* Exercise details: Transcription, pictures excluded: write out the data below exactly.

* Data block:
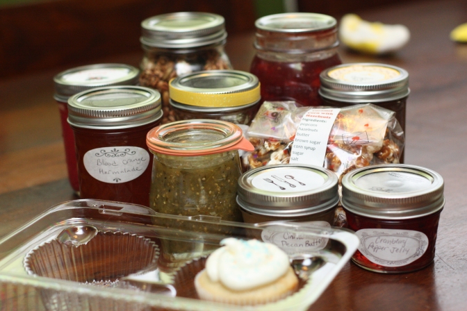 There were a lot of baked goods this time, which isn’t bad, but it’s not really what we’re in the market for. We make lots of baked goods at home, so they’re just not as exciting. Canned jams, however, seems to be what we are in the market for. Right now we have something like 8 different open jars of spreads in the fridge, with a dozen or so more in the pantry. And they are all wonderful.
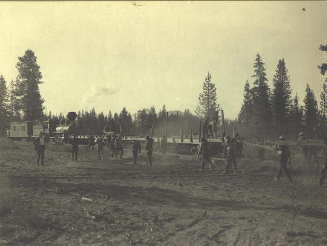 A steel gang taking up a temporary log spur somewhere in the Ash Creek Country.
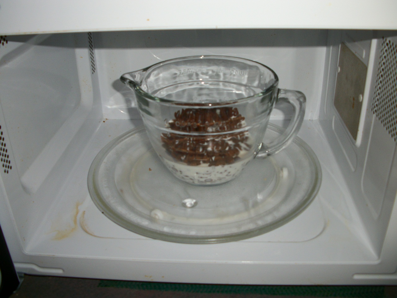 - While donuts bake, make glaze by combining chips and milk in a microwave-safe bowl. Microwave in 1-minute increments, stirring to form the glaze.*

* Answer area:
 There were a lot of baked goods this time, which isn’t bad, but it’s not really what we’re in the market for. We make lots of baked goods at home, so they’re just not as exciting. Canned jams, however, seems to be what we are in the market for. Right now we have something like 8 different open jars of spreads in the fridge, with a dozen or so more in the pantry. And they are all wonderful.
 A steel gang taking up a temporary log spur somewhere in the Ash Creek Country.
 - While donuts bake, make glaze by combining chips and milk in a microwave-safe bowl. Microwave in 1-minute increments, stirring to form the glaze.*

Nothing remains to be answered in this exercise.